Problem to work on | From the first line to the last, output the data exactly as it stands, minus its pictures.

Collected material |
§ §

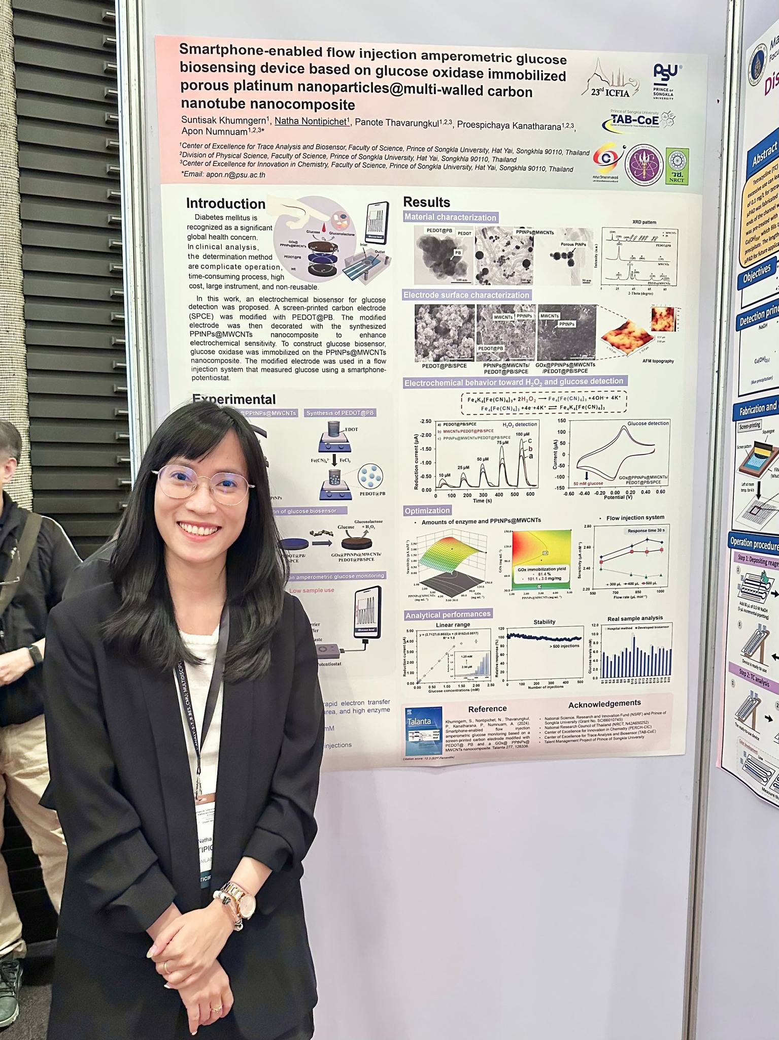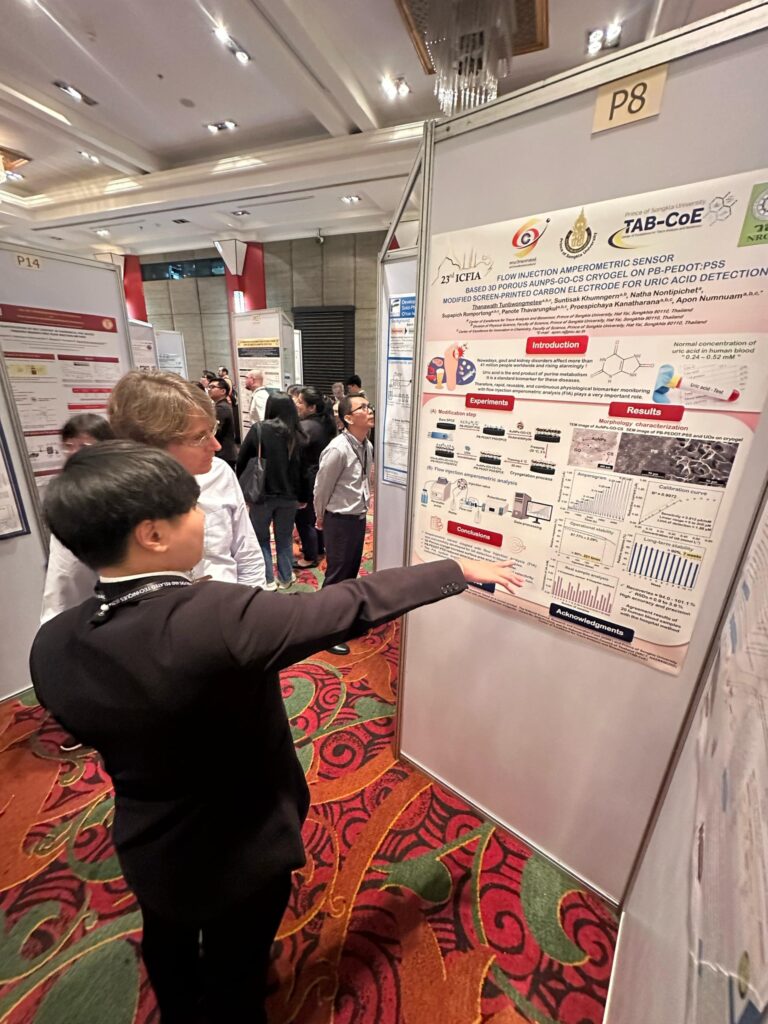 คณาจารย์จาก TAB-CoE นำทีมโดย อ.ดร. สัณฐิศักดิ์ ขุมเงิน และ อ.ดร. อัจฉรา ลอแม และนักศึกษาจาก TAB-CoE เข้าร่วมนำเสนอผลงานวิจัยแบบโปสเตอร์ในงานประชุมวิชาการระดับนานาชาติในงาน The 23rd International Conference on Flow Injection Analysis and Related Techniques (ICFIA 2024) ระหว่างวันที่ 3-7 ธันวาคม 2567 ณ โรงแรมดิเอ็มเพรส อ.เมือง จ.เชียงใหม่ โดยมีงานวิจัยมีดังนี้
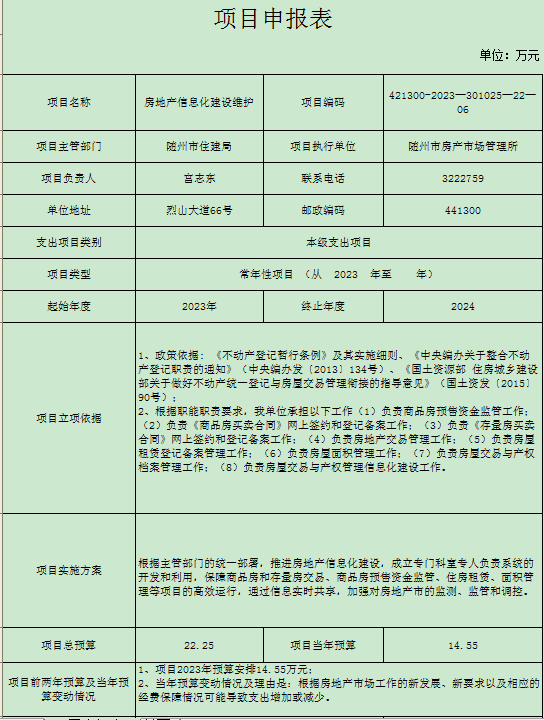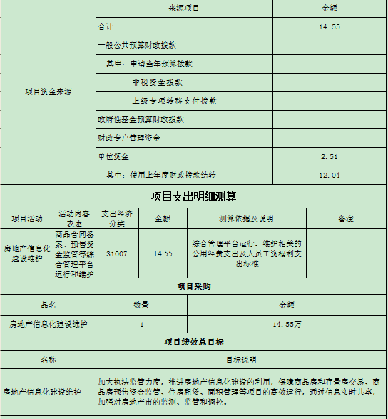 (1)房地产信息化建设维护项目的主要内容为推进城镇个人信息综合平台的利用,促进商品房和存量房交易、商品房预售资金监管、住房租赁、面积管理等项目监管的安全、高效运行,通过信息实时共享,加强对房地产市的监测、监管和调控。2023年预算安排14.55万元,资金来源全部为单位自筹资金。
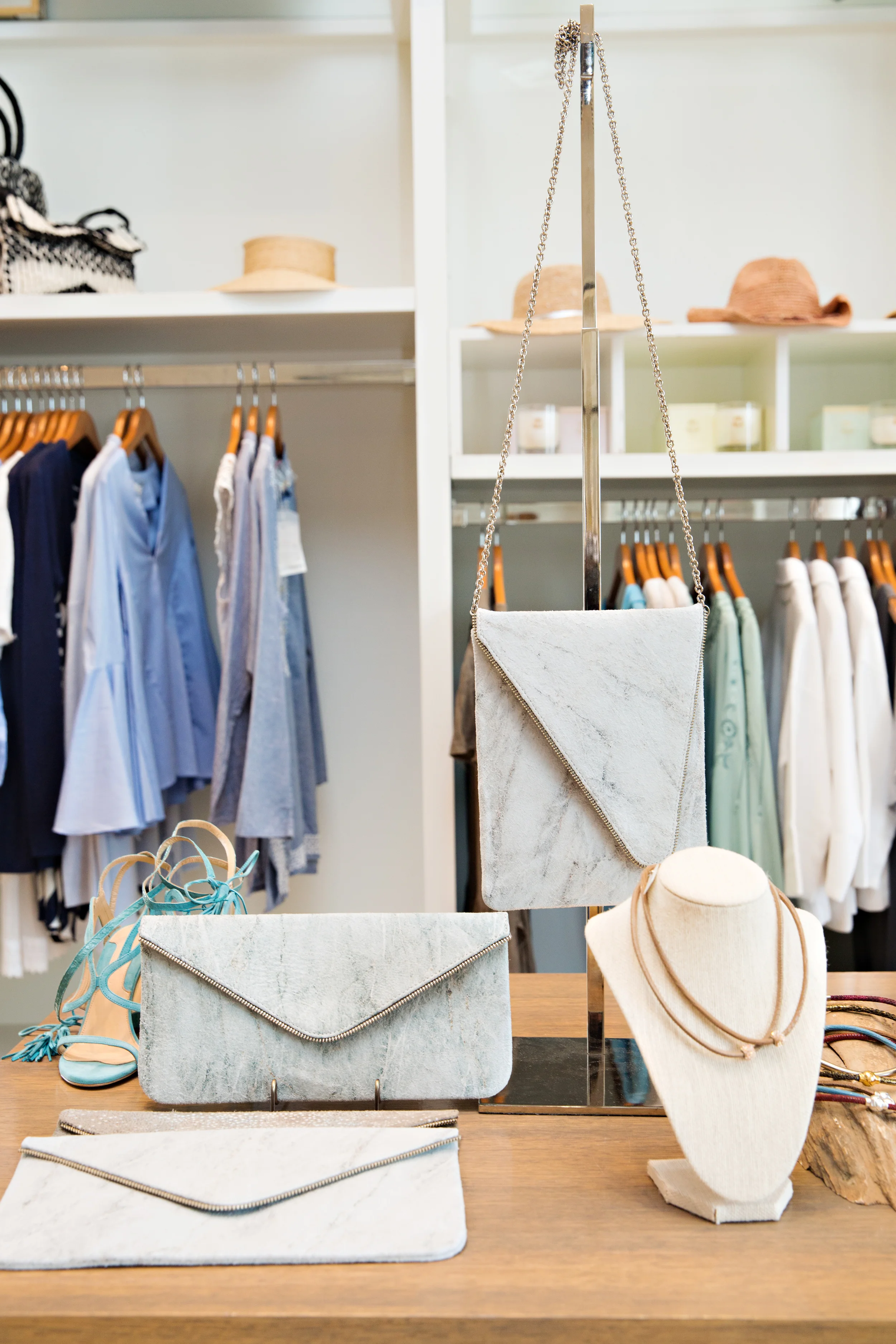 Helping a customer find something new. Yes, the shop has beautiful men's wear along with women's apparel too!

§ §

Response to this exercise |
 คณาจารย์จาก TAB-CoE นำทีมโดย อ.ดร. สัณฐิศักดิ์ ขุมเงิน และ อ.ดร. อัจฉรา ลอแม และนักศึกษาจาก TAB-CoE เข้าร่วมนำเสนอผลงานวิจัยแบบโปสเตอร์ในงานประชุมวิชาการระดับนานาชาติในงาน The 23rd International Conference on Flow Injection Analysis and Related Techniques (ICFIA 2024) ระหว่างวันที่ 3-7 ธันวาคม 2567 ณ โรงแรมดิเอ็มเพรส อ.เมือง จ.เชียงใหม่ โดยมีงานวิจัยมีดังนี้
 (1)房地产信息化建设维护项目的主要内容为推进城镇个人信息综合平台的利用,促进商品房和存量房交易、商品房预售资金监管、住房租赁、面积管理等项目监管的安全、高效运行,通过信息实时共享,加强对房地产市的监测、监管和调控。2023年预算安排14.55万元,资金来源全部为单位自筹资金。
 Helping a customer find something new. Yes, the shop has beautiful men's wear along with women's apparel too!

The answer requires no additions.